Saturday, August 13, 2016

princess academy: stardust reviews

Princess Academy (Princess Academy #1)
Shannon Hale



Miri lives on a mountain where, for generations, her ancestors have quarried stone and lived a simple life. Then word comes that the king's priests have divined her small village the home of the future princess. In a year's time, the prince himself will come and choose his bride from among the girls of the village.

The king's ministers set up an academy on the mountain, and every teenage girl must attend and learn how to become a princess. Soon Miri finds herself confronted with a harsh academy mistress, bitter competition among the girls, and her own conflicting desires.

Full review of this wonderful story under the cut!

 When I talk to people about this book, I tell them that Princess Academy (and Shannon Hale's other masterpiece, IMO, The Goose Girl) is the book that changed my life. Not being dramatic, and not overstating this book's importance. When I first read this one, I was so completely caught up in its magic, and I have very rarely felt captured, to that extent, with any other book. And so, even though I have read this book countless times, I thought that I would write a little something about it now, following my most recent reread, to tell you how special it is and maybe persuade a few of you to give this one a try!

Okay, so yes, this is a middle grade book. The protag is 14 at the beginning, though it takes place over the course of about a year and a half to two years. And it is pretty short. It took me, as a pretty fast reader, only about four hours to finish. But these facts add to, rather than subtract from, the overall beauty of this book. Above all, Princess Academy is a high fantasy novel about a young girl growing up, coming into her own, and learning the difference between being defined by others and defining yourself. It features gorgeous prose, a breathtaking setting, and strongly developed characters. There is an element of wistfulness to it, as if the magic of the mountain in the story has effused into the words themselves. Once you begin reading, it is quick to suck you in, and you will find yourself unwillingly at the end before you know it, wishing there were more. 
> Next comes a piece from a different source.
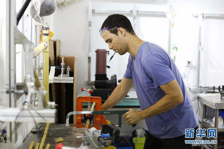 David Wang muestra cómo se fabrica una bicicleta de bambú en su estudio. [Foto: Xinhua]

The book opens on a girl named Miri, small for her age, whip-smart, funny, and restless. She lives in a tiny village perched on the edge of Mount Eskel, where the residents eke out a small existence off of the valuable stone, called Linder, that they mine from the mountain. Miri's father does not allow her to work in the mine like the rest of the village, a fact that causes her to be indcredibly unsure and self-conscious, at least at the beginning of the novel. The action of the story really picks up when Miri's remote village is visited by someone from the royal palace, something as inconceivable to the residents as traveling to the moon. The man informs the people that the priests of the kingdom have determined that the prince needs a bride, and that his bride would come from nowhere else but Mount Eskel. Due to this announcement, Miri and the rest of the village girls are taken down the mountain and put into an Academy, where they are taught everything that they may need to know, for one of them will become the princess. 

This is the basic plot of the story, and the book progresses as Miri learns more than she could have ever imagined. The girls bond together in friendship and sisterhood while at the academy, fighting off a vindictive tutor, the elements, and jealousies that threaten to tear them apart. I think one of the things that I like most about this book is the bonds that form between the girls. Miri goes from being someone who is a bit on the outside in the village, due to the fact that she doesn't work in the quarry, to feeling like she belongs.  This is such a powerful transformation, to see Miri go from powerless to powerful, even with her limitations, and it is just so beautiful to read, especially because we get to see her friends, family, and neighbors standing by her and believing in her. 

The reason that I say this book changed my life is because I was around eleven or twelve when I first read it, and it caught me at a time when everything was changing. I don't really remember the exact circumstances, but I think we can all agree that being eleven or twelve is an odd time for anyone, but especially for girls. I think a lot of us feel like Miri feels at the beginning of this book. (even today, at 21, which is why this book is timeless to me) She's unsure of herself, of her place in society, of what she wants to do, but throughout the book she goes on this incredible journey to find strength in herself, where before she saw only weakness. And no one could teach her how to do that. Only through education and through her sheer determination is she able to find peace in herself. And the fact that her strength comes from within, not from something or someone else, makes her even more unshakable. For an eleven year old girl, seeing someone my age go through that and start to believe in herself was incredibly powerful. It was something that inspired me to find my passions and my place in the world. This story of strength and confidence, when coupled with Shannon Hale's amazing, has stuck with me for a decade. This was the book that made me want to write, to travel, to explore and learn everything that I could. And it also told me that I wasn't too young to be heard, to be listened to. This book is incredibly respectful of young girls, which is something that is difficult to come by, and it means so much to me, even more so, maybe, than it did when I was eleven. I think this should be required reading for all young girls, and maybe even all adult girls. YALL!! This book is so good. I love it so much. SO MUCH.